Стопор лебедки, как выяснилось много позже, расстопорился почти что сам собой. Тяжелая цепь пришла в движенье и в страшном грохоте рухнула куда-то вниз. Через мгновение кончилась цепь и кончился грохот. Медленно оседала тяжелая вековая пыль.
– Чего это она, а?
– Может, поднимем назад, как было?
– Офонарел? Она, может, тонну весит. Пусть кому надо, тот и поднимает, мотаем отсюда.
Прямо над ученым столом, далеко вверху, как крона баобаба, висела многопудовая хрустальная люстра старинной ручной работы.
Шло заседание ученого совета. Председательствовал в этом букете ученых старенький капитан первого ранга, всеми уважаемый профессор, удивительно похожий на белую реликтовую мышь.
Слово для доклада получил химик. Матовые лысины пришли в движение; букет ученых зашевелился, стараясь поточней принять форму кресел, успокоился наконец и вскоре отработанно завял, впав в тотальную дремоту.
Химик, слишком восторженный для своей профессии, пристегнул к безобиднейшей теме такую область человеческой мысли, где однажды потерявшись, можно брести годами. Он влез в физическую химию, все еще полную белых пятен, и заговорил с нарастающим жаром об энтальпиях, энтропиях и снова об энтальпиях.
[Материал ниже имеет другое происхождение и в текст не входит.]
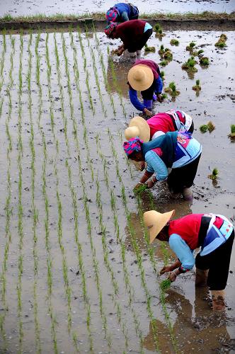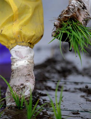 4月28日,大理市喜洲鎮的村民正在插秧。新華社記者 秦晴 攝
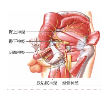 2.骶丛的分支 骶丛的主要分支有:臀上神经、臀下神经、阴部神经、股后皮神经和坐骨神经(图12-2-21)。
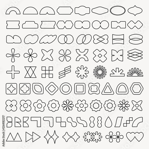 Fototapeta premium Vector elements. Collection of geometric shapes, outlines of geometric forms, abstract geometric patterns, and diverse geometric designs in a grid layout. Black shapes, vector element set.
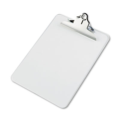 A clear choice for durable organization, this clipboard is made of shatterproof plastic. Great for offices as well as factories, warehouses and construction sites. 6" wide steel clip. Hanging hole. Holds Paper Size: 8 1/2 x 11; Clipboard Actual Size: 9w x 1 3/4d x 13 1/4h; Clipboard Material: Plastic.
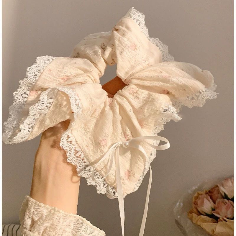 爆款 韩系蓝色蝴蝶结爱心方巾大肠发圈女高级感超大扎头发头绳方形
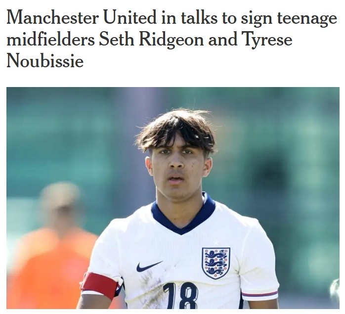 英格兰U17队长塞斯-里吉昂(上图)与即将离开曼城的泰瑞斯-努比西正在考虑曼联的邀约,两人均被视为英格兰同年龄段最出色的球员。由曼联青训招募主管卢克-费多伦科和青训学院总监尼克-考克斯主导的这次行动,标志着俱乐部重启引进英国青训顶尖天才的计划。
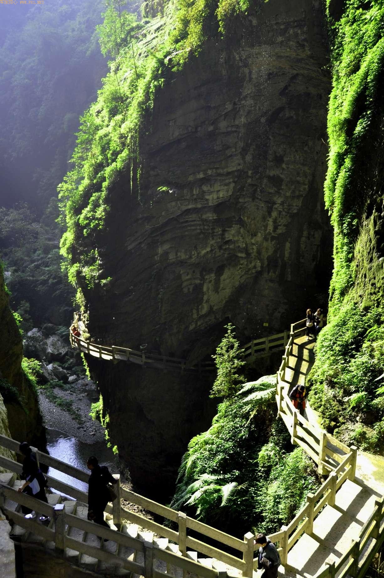 中国南方喀斯特世界自然遗产核心景区,中国国家地质公园。经几千万年前造山运动而形成,属典型喀斯特地貌景观。地缝形如其名,就想地球裂开一道深邃的缝隙,谷底最窄处只一米之遥,最宽处也不足十米,缝口与谷底之间高达350余米,谷底溪水孱孱,清澈见底。峡谷两岸如刀劈斧削一般,即使正午时分,阳光也难达谷底,漫游其间,仿佛置身地球深处探幽,犹若在时空隧道中穿行。景区玲珑秀丽,风光优美,以峡深壁立、原始植被、飞瀑泉流、急流深潭为其特色,是一处很好的生态旅游和探险旅游风景区。

Ученые, с каждой новой минутой все более походившие на сытых рептилий, мягко дурели. То один из них, то другой приходил в себя и с удовольствием наблюдал, как все-таки любит химик свое дело, которое на флоте давно перестало считаться специальностью.
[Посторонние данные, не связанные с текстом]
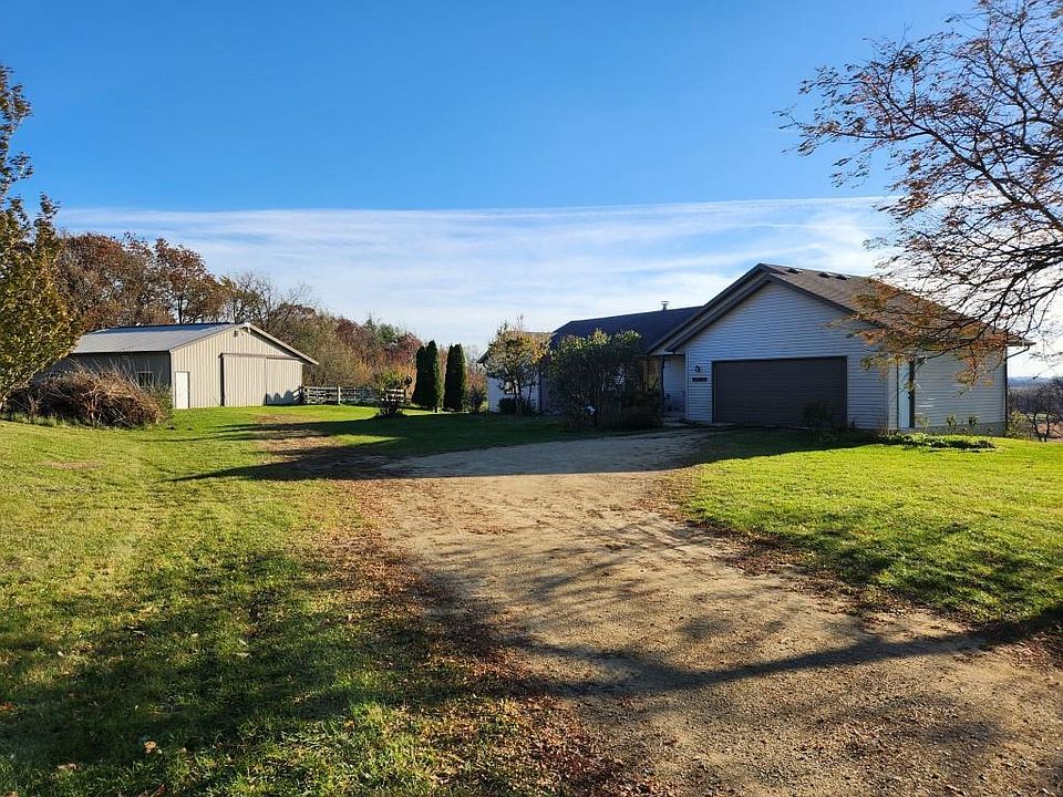 Located down a WI Rustic Road, you will find a charming 4+ acre property that offers privacy and stunning views! The Ranch home offers wonderful sunlight throughout! Impressive Living room w/vaulted ceiling, 3 sided fireplace, large windows, open area and wood floors. Bright kitchen w/dining nook that leads out to the backyard deck. Walkout lower level has 2 bedrooms, full bath, utility/storage area. You could potentially add a family room if desired. Outside enjoy multiple pastures for rotational grazing, 36x36 Cleary outbuilding with horse stalls, tack room and extra area for utility storage. Outbuilding also has running water and electricity. Walking trails throughout the land. You will be impressed with this setting. Home warranty included. New Glarus Schools.
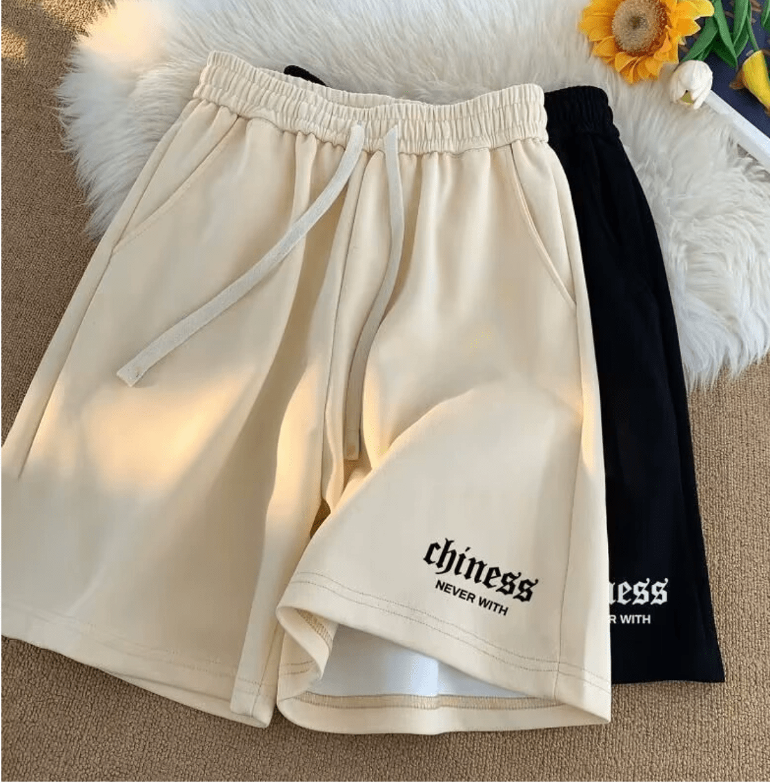 Designed for everyday versatility, these shorts feature a relaxed loose fit, an elastic waistband with an adjustable drawstring for a personalized fit, and a statement script embroidery that adds a distinctive edge.
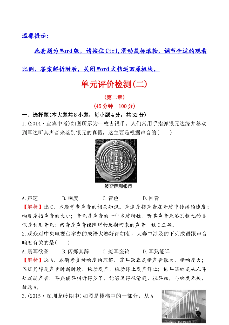 八年级物理初二物理百练百胜2016年人教版八年级物理上册单元测试题及答案(8份打包.doc_第2页
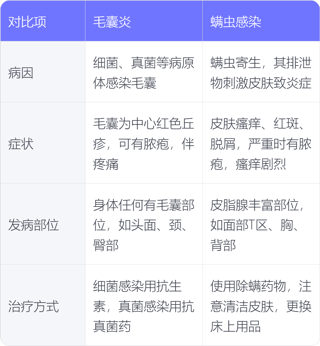 毛囊炎和螨虫感染在病因、症状、发病部位、治疗方式上存在不同。
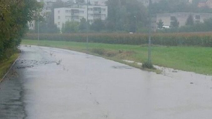 Ulici Tyršova od křižovatky s ulicí Husova ve směru k hřbitovu zatopila voda z pole. Městská policie komunikaci uzavřela. „Teče tam hodně vody z polí. Museli jsme stanovit objízdnou trasu pro autobusy MHD na lince 51 a vynechat dvě pravidelné zastávky,“ informovala dispečerka Dopravní společnosti Zlín – Otrokovice Marcela Frýdlová.
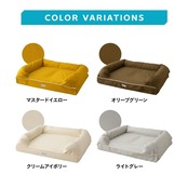ワンちゃんが長く休めるように、体圧分散性に優れたプロファイルウレタンと巻き綿で、絶妙な支持性を実現しました。また、ワンちゃんの数倍の体重の人間が座っても床づきしない底材。綿100%の厚手のオックスカバーは、使うほどに味がでてきます。
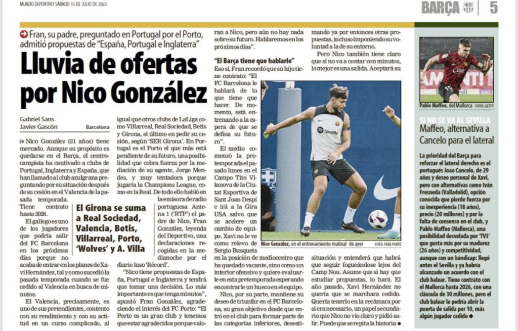 Pese a que Iván Fresneda es el candidato de Deco para reforzar el lateral derecho del Barcelona, su llegada a la ciudad condal se antoja complicada tal y como informa el diario MUNDO DEPORTIVO en su edición impresa: “La prioridad del Barça para reforzar el lateral derecho es el portugués Joao Cancelo, de 29 años y deseo personal de Xavi, pero con alternativas como Iván Fresneda (Valladolid), opción conocida que pierde fuerza por su inexperiencia (18 años), precio (20 millones) y por la falta de consenso en el dub, y Pablo Maffeo (Mallorca), una posibilidad desvelada por TV3* que gusta más por su madurez (26 años) y competitividad, aunque con un hándicap: llegó antes el Sevilla y ya habria alcanzado un acuerdo con el dub balear. Tiene contrato con el Mallorca hasta 2026, con una dáusula de 30 millones, pero el dub balear le podría abrir la puerta de salida por 10, más algún jugador cedido”.

Люстра качнулась и, предупредительно звякнув, с нарастающим свистом, увлекая за собой окружающий воздух, бросилась вниз, разматывая тяжелую цепь.
В мозгу человека, как учит нас медицина, есть область, которая никогда не спит и сторожит человеческую жизнь.
Ученые очнулись в сотую долю секунды и еще сотую долю барахтались, освобождаясь от цепких объятий своих кресел.
Химик, промочив штаны себе и двум соседям, махнул через мышковидного председателя и первым вылетел, открыв собой ту половину двери, которая никогда до этого не открывалась. Остальные хором бросились за ним, сгребая друг друга. Волна ученых плеснула в дверь и вынесла на своем гребне застрявшего в кресле председателя. По дороге ему, чтоб не очень упирался, дали в глаз, отдавили руки и почти начисто оторвали ухо.
Люстра, стряхнув с ветвей хрустальные лепестки, остановилась в двадцати сантиметрах от осиротелого стола, дрожа и мелодично позванивая. На столе громоздилась хрустальная россыпь.
В вестибюле, куда выплеснулись ученые, стало душно, шумно и кисло от пережитого, а перед распахнутой настежь дверью, в кресле, сидел брошенный, обмякший, сильно постаревший председатель.
Голова его съехала набок, рот был полуоткрыт, наполненная кровью бровь совсем закрыла подбитый глаз, а через другой, целый глаз недобитый председатель нескончаемо смотрел на весь этот новый, яркий, чудесный, удивительно вкусный мир, смотрел и не мог насмотреться.
На флоте нельзя без шутки. У нас постоянно шутят. У нас так шутят, что порой не установить, когда у нас шутят, а когда не шутят. Из-за того, что у нас так шутят, мы шизофреников не можем вовремя определить и отсеить. Все нам кажется, что они так шутят.
Матрос у нас был. Тот во время организованного просмотра программы «Время» мыльницу к уху прикладывал и говорил:
– Т-с-с… тихо! Шпионы…, кругом шпионы. Я принимаю их сигналы.
Все думали, что он шутит, а он свихнулся. Только через полгода разобрались.
Другой ходил по кубрику во время передачи «Служу Советскому Союзу» и лаял. Оказалось – тоже. не совсем.
Третий от портретов членов Политбюро мух вроде как отгонял:
– Кыш! – говорил. – Пернатые! Гениев обгадите.
Списали подчистую. Дали мичмана для сопровождения его на родину. Спешили так, что мичмана выдернули прямо из суточного наряда.
Ехали они до Белоруссии в одном купе. Мичман, бедный, все двое суток сидел, трясся, вздрагивал от каждого шороха и на него смотрел, а как сдал его родителям с рук на руки, пошел, напился в железнодорожном ресторане и пьяный орал, что он микрогенерал.